Work instructions: Return the material below exactly, but only from the line with "Escarpins en daim" through the line with "曲谱介绍: C调版 黄乙玲《惦在你身边》吉他和弦弹唱谱", and without its pictures.

==== Data for analysis

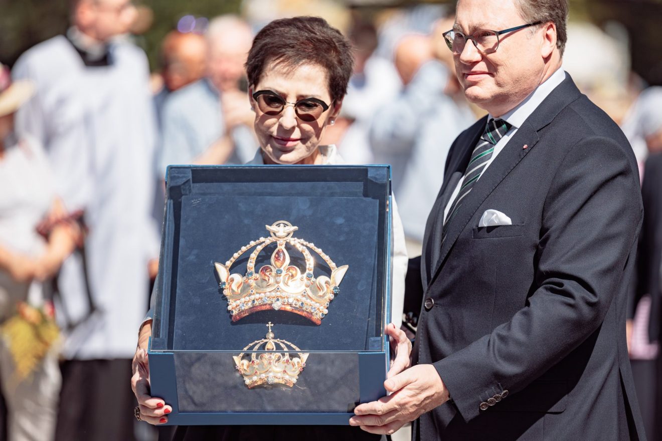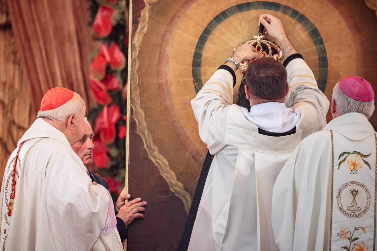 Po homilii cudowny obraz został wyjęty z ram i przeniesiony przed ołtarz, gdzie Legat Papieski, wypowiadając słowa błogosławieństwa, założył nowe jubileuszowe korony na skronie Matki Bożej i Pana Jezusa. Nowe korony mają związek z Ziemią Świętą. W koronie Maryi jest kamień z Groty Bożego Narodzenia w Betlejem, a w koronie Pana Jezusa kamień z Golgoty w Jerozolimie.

========
==== Data for analysis

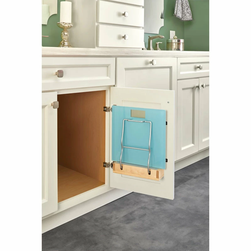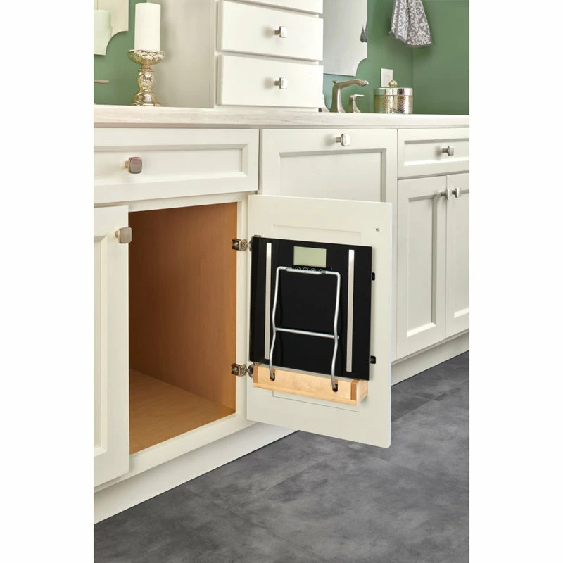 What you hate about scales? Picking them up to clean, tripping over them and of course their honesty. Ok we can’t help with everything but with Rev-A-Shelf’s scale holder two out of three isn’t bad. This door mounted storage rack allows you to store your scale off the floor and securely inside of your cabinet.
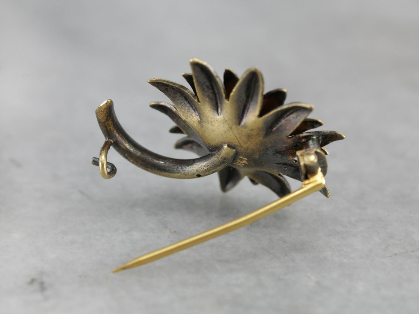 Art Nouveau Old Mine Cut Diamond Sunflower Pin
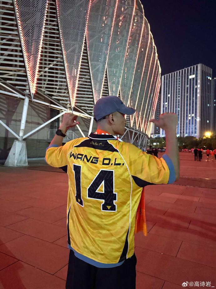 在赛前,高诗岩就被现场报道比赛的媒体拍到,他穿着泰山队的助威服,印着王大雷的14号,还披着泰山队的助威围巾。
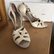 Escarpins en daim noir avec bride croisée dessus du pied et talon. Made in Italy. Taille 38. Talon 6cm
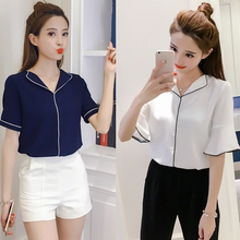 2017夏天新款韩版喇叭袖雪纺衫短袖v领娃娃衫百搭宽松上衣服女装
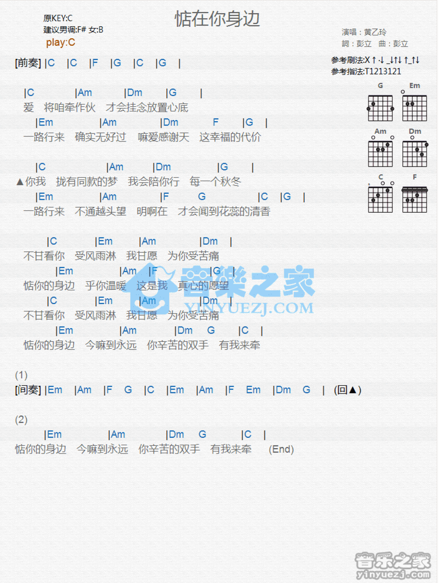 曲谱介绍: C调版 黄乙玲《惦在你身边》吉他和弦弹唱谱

========
==== Data for analysis

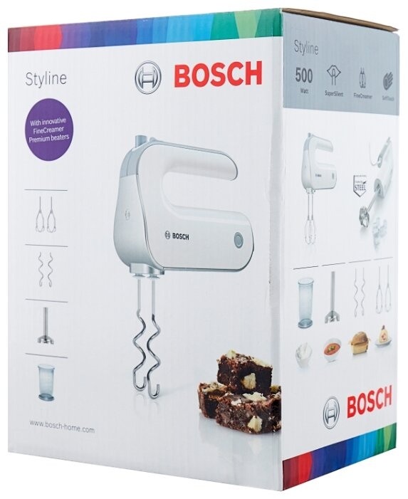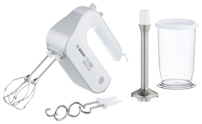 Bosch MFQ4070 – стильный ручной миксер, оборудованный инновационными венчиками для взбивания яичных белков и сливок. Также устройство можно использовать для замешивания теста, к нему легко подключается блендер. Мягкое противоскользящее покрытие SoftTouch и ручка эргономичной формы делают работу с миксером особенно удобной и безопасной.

========

Answer for this exercise:
 Escarpins en daim noir avec bride croisée dessus du pied et talon. Made in Italy. Taille 38. Talon 6cm
 2017夏天新款韩版喇叭袖雪纺衫短袖v领娃娃衫百搭宽松上衣服女装
 曲谱介绍: C调版 黄乙玲《惦在你身边》吉他和弦弹唱谱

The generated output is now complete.